Resources Connection, Inc. (NASDAQ: RECN), a multinational
business consulting firm, operating as Resources Global
Professionals (the “Company” or “RGP”), today announced the
commencement of a modified “Dutch auction” tender offer to purchase
up to 6,000,000 shares of its common stock (“Common Stock”) at a
price per share not greater than $16.00 nor less than $13.50. The
tender offer will expire at 12:00 midnight, New York City time, on
Tuesday, November 15, 2016, unless extended or earlier terminated
by the Company. Tenders of shares of Common Stock must be made
prior to the expiration of the tender offer and may be withdrawn at
any time prior to the expiration of the tender offer. The full
terms and conditions of the tender offer are described in the Offer
to Purchase, the related Letter of Transmittal and other materials
relating to the tender offer (the “tender offer documents”) that
are being filed today with the Securities and Exchange Commission
(the “SEC”) and are being distributed to shareholders.

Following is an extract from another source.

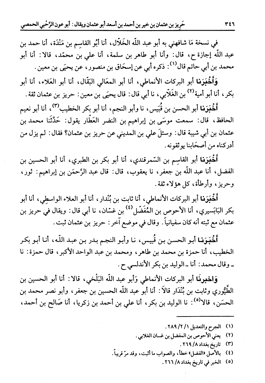(5) الخبر في تاريخ بغداد 8 / 266

“This tender offer is reflective of the Board’s commitment to
return capital to our shareholders,” stated Kate W. Duchene,
interim Chief Executive Officer of RGP. “If our tender offer is
fully subscribed, we will have returned approximately $138.3
million to shareholders over the last twelve months when combined
with our existing dividend and open market share repurchase
programs. After the transaction closes, we will continue to have a
very sound balance sheet, strong cash flows and the ability to
borrow as needed with our revolving credit facility.”

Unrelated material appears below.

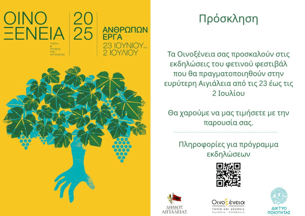 Για 12η συνεχόμενη χρονιά, το Φεστιβάλ “Οινοξένεια”, ένας αγαπημένος και εδραιωμένος θεσμός για την περιοχή της Αιγιάλειας και της ευρύτερης περιοχής έως τα Καλάβρυτα, γιορτάζει φέτος και από τις 23 Ιουνίου έως τις 2 Ιουλίου υπόσχεται να μας δώσει πολλούς και καλούς λόγους να επισκεφθούμε την περιοχή.
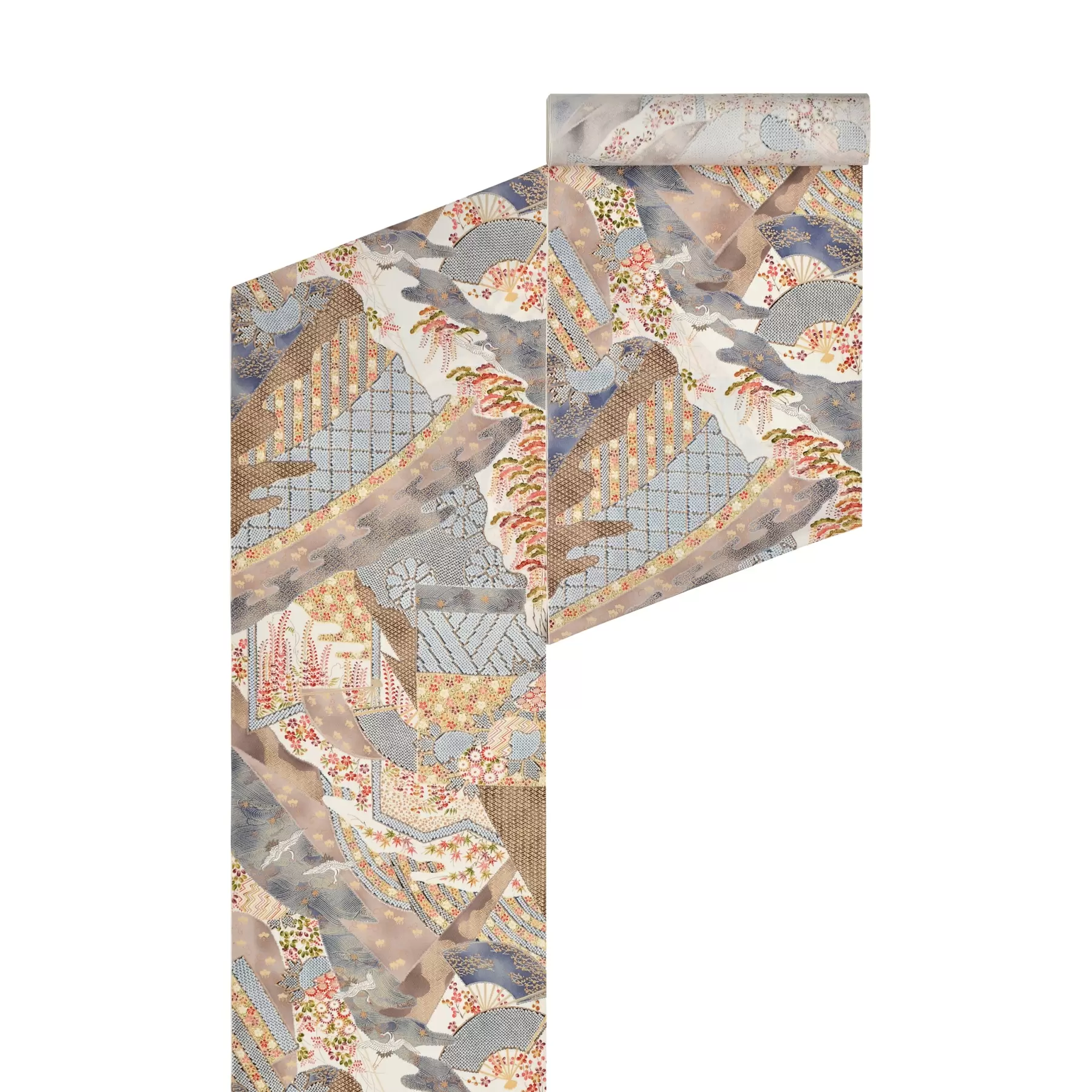 疋田や小紋箔を全体に細かく配し、自然の風景を抽象的に描き出した慶長文様を表現しました。面と曲線が複雑に重なり合うデザインは立体的な着姿を作り上げてくれます。茶や藍の落ち着きのある色彩の上に鮮やかな赤や紫、緑の小花がよく映えます。コーディネートが楽しくなる一枚です。

Pursuant to the modified “Dutch auction” tender offer,
shareholders of the Company’s Common Stock may tender all or a
portion of their shares (1) at a price specified by the tendering
shareholder within the Company's specified range or (2) without
specifying a purchase price, in which case their shares will be
purchased at the purchase price determined in accordance with the
tender offer. When the tender offer expires, the Company will
determine the lowest price per share, within the specified range of
prices (the "purchase price"), that will enable it to purchase up
to 6,000,000 shares of Common Stock at such price. If fewer shares
are properly tendered, the Company will purchase all shares that
are properly tendered and not properly withdrawn at the purchase
price. If more than 6,000,000 shares of Common Stock are tendered,
the Company will purchase all shares tendered at or below the
purchase price selected in the tender offer on a pro rata basis,
except for “odd lots” (lots held by owners of less than 100
shares), which will not be prorated and will be purchased on a
priority basis. All Common Stock purchased in the tender offer will
be purchased at the same price. Shareholders will receive the
purchase price in cash, subject to applicable withholding taxes and
without interest, for shares tendered at prices equal to or less
than the purchase price, subject to the conditions of the tender
offer described in the tender offer documents.

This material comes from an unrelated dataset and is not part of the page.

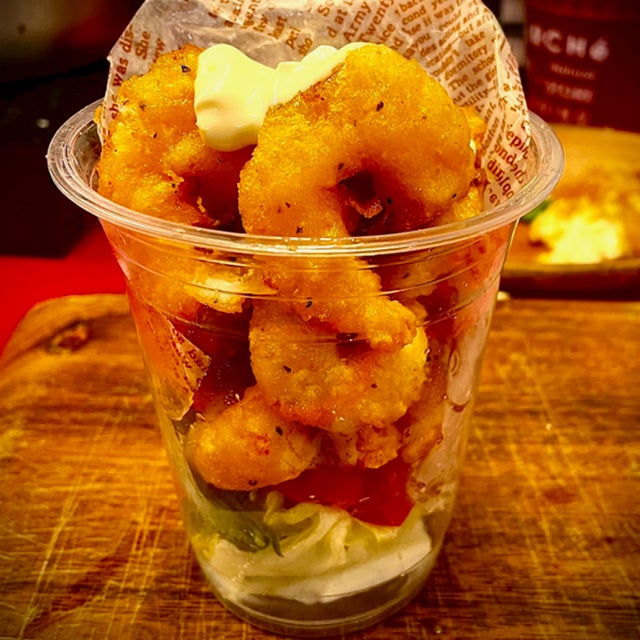 海老クリスピータルタル:600円/ほたてクリスピータルタル:600円/いかクリスピータルタル:500円/ベーコンソーセージクリスピー:500円/クリスピーチキン:500円/揚げじゃがバター:400円/シーフードのトマトスープ:700円

The tender offer is not conditioned upon any minimum number of
shares being tendered. The tender offer is, however, subject to
certain conditions described in the tender offer documents, which
are being distributed to shareholders starting today. These
documents also contain tendering instructions and a complete
explanation of the tender offer's terms and conditions.
Lazard Frères & Co. LLC is acting as dealer manager for the
tender offer, Georgeson LLC is acting as information agent for the
tender offer and American Stock Transfer & Trust Company, LLC
is acting as the depositary for the tender offer.
While the Company’s Board of Directors has authorized the tender
offer, neither the Company, its Board of Directors, the dealer
manager, the information agent, the depositary nor any of their
affiliates makes any recommendation to the Company’s shareholders
as to whether to tender or refrain from tendering any Common Stock
or as to the price or prices at which shareholders may choose to
tender their Common Stock. The Company has not authorized any
person to make any such recommendation. Shareholders must decide
whether to tender their Common Stock and, if so, how much Common
Stock to tender and at what price or prices to tender them. In
doing so, shareholders should carefully evaluate all of the
information in the tender offer documents (as they may be amended
or supplemented), including the documents incorporated by reference
therein, before making any decision with respect to the tender
offer, and should consult their own financial and tax advisors
and/or brokers.
Important Information Regarding the Tender Offer
The discussion in this press release is for informational
purposes only and is not an offer to purchase nor the solicitation
of an offer to sell any Common Stock of the Company. The offer is
being made solely pursuant to an Offer to Purchase, the related
Letter of Transmittal and other related materials, as they may be
amended or supplemented. Such Offer to Purchase, related Letter of
Transmittal and other related materials are being distributed to
all shareholders, at no expense to shareholders. Shareholders
should read those materials and the documents incorporated therein
by reference carefully when they become available, prior to making
any decisions with respect to the tender offer, because they will
contain important information, including the various terms and
conditions of the tender offer. The Company will file a Tender
Offer Statement on Schedule TO (the "Tender Offer Statement") with
the SEC. The Tender Offer Statement, including the Offer to
Purchase, the related Letter of Transmittal and other related
materials, as well as any amendments or supplements, will be
available to shareholders for no charge on the SEC's website
(www.sec.gov) or from Georgeson LLC, the information agent for the
tender offer, by telephone at: (866) 203-9357 (toll-free), via
email at resourcesconnection@georgeson.com or in writing to: 1290
Avenue of the Americas, 9th Floor, New York, New York 10104.
ABOUT RGP
RGP, the operating subsidiary of Resources Connection, Inc.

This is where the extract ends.